• **What is being asked**
Only the lines in the entries below from the line with "The measured typical" to the line with "The HiGold Wing", both included, belong in the answer, transcribed exactly and without pictures.

• **Working data**
■ ■ ■ ■ ■ ■ ■

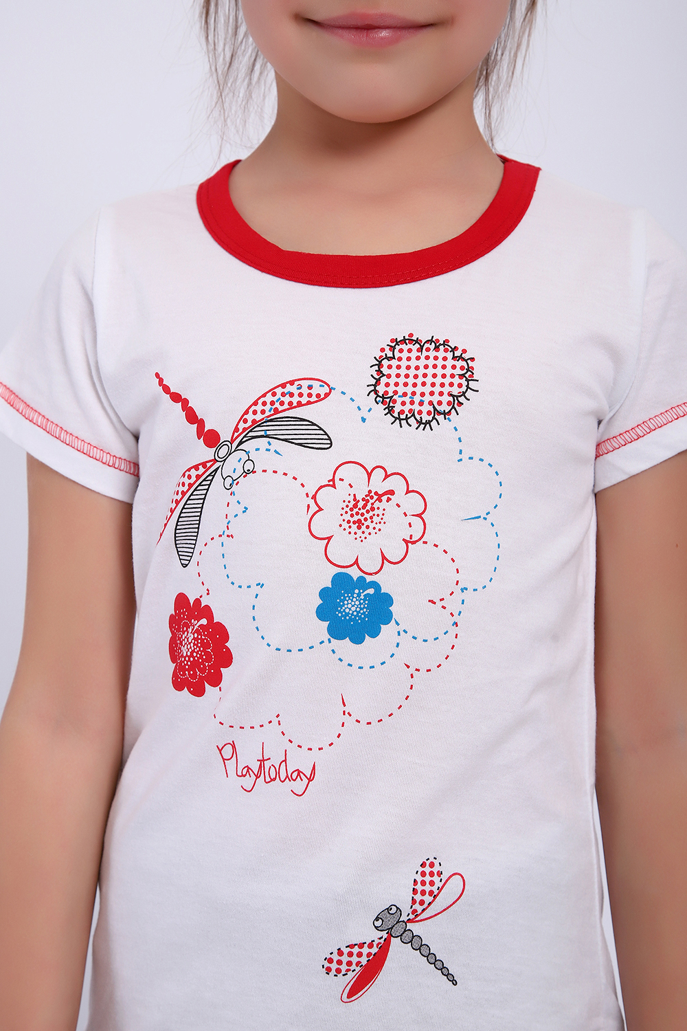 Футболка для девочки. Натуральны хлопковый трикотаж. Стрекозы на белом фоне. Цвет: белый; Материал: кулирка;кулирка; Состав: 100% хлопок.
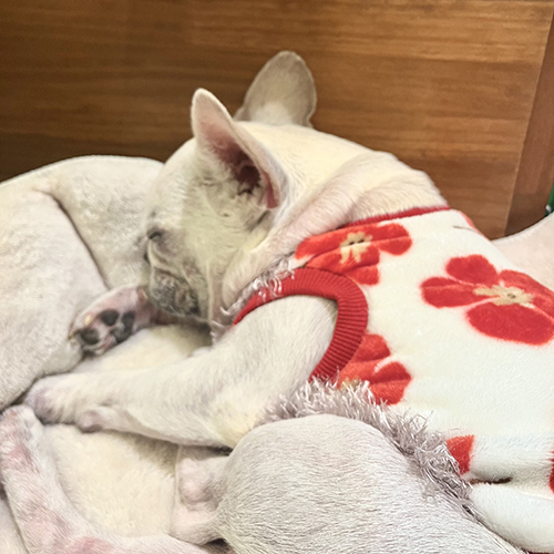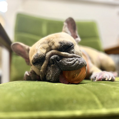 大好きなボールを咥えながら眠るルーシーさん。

■ ■ ■ ■ ■ ■ ■

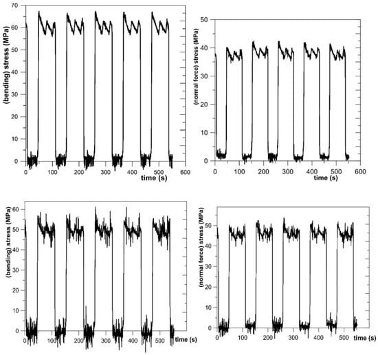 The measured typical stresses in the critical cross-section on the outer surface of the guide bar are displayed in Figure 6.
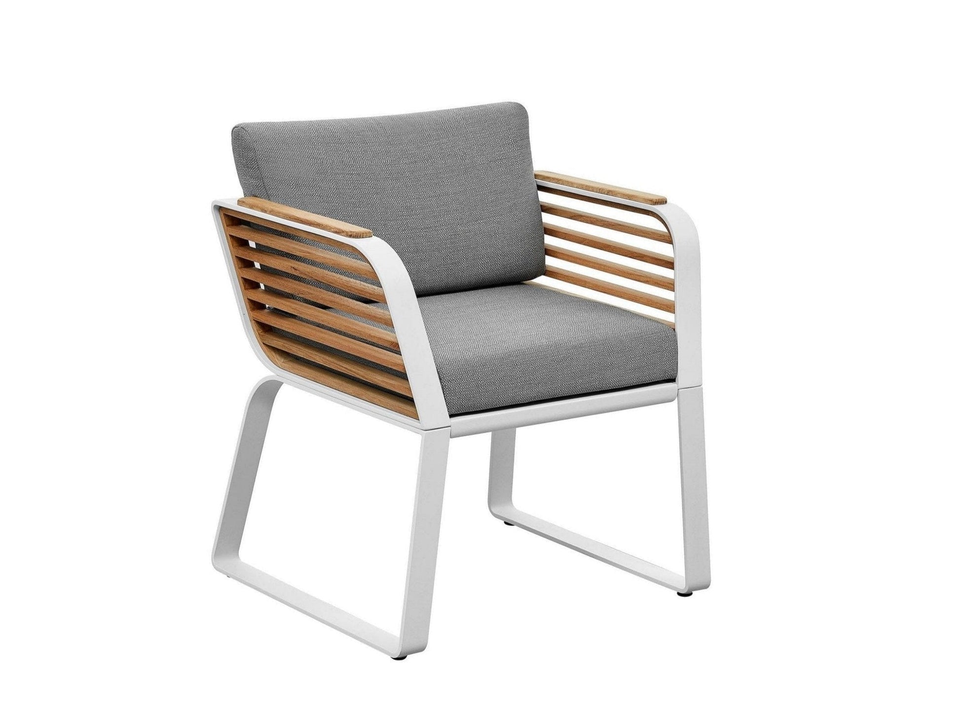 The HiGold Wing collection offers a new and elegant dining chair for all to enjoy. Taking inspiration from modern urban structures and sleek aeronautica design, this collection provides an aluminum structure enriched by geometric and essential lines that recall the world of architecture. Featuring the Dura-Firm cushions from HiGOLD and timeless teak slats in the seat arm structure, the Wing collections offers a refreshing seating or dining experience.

■ ■ ■ ■ ■ ■ ■

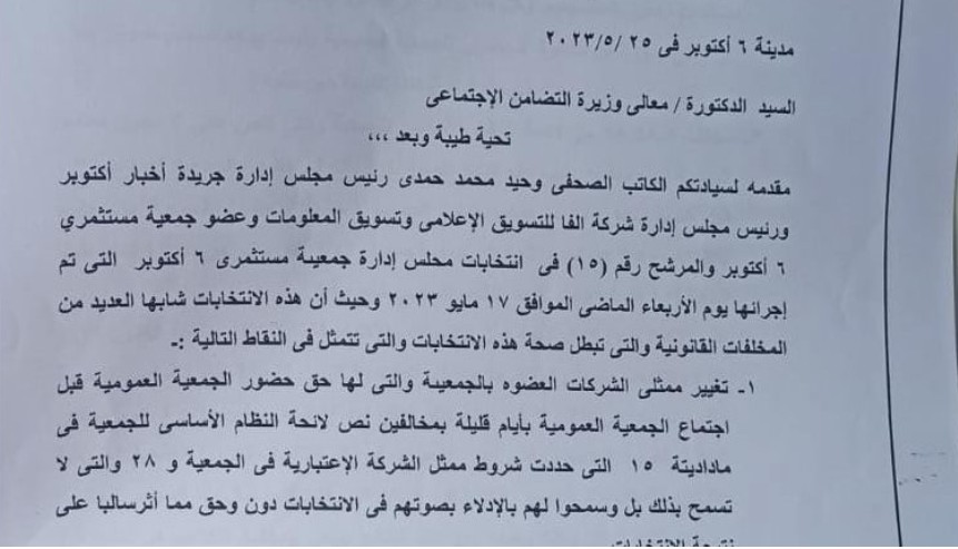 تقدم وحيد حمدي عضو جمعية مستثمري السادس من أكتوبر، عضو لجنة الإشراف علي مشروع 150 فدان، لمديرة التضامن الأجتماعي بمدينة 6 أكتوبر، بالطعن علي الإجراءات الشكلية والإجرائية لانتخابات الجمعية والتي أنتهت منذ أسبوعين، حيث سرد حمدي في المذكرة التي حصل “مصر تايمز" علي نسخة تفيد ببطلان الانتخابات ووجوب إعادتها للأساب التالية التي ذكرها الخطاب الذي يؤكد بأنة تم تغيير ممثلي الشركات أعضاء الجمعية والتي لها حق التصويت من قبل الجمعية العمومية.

■ ■ ■ ■ ■ ■ ■

• **Worked solution**
 The measured typical stresses in the critical cross-section on the outer surface of the guide bar are displayed in Figure 6.
 The HiGold Wing collection offers a new and elegant dining chair for all to enjoy. Taking inspiration from modern urban structures and sleek aeronautica design, this collection provides an aluminum structure enriched by geometric and essential lines that recall the world of architecture. Featuring the Dura-Firm cushions from HiGOLD and timeless teak slats in the seat arm structure, the Wing collections offers a refreshing seating or dining experience.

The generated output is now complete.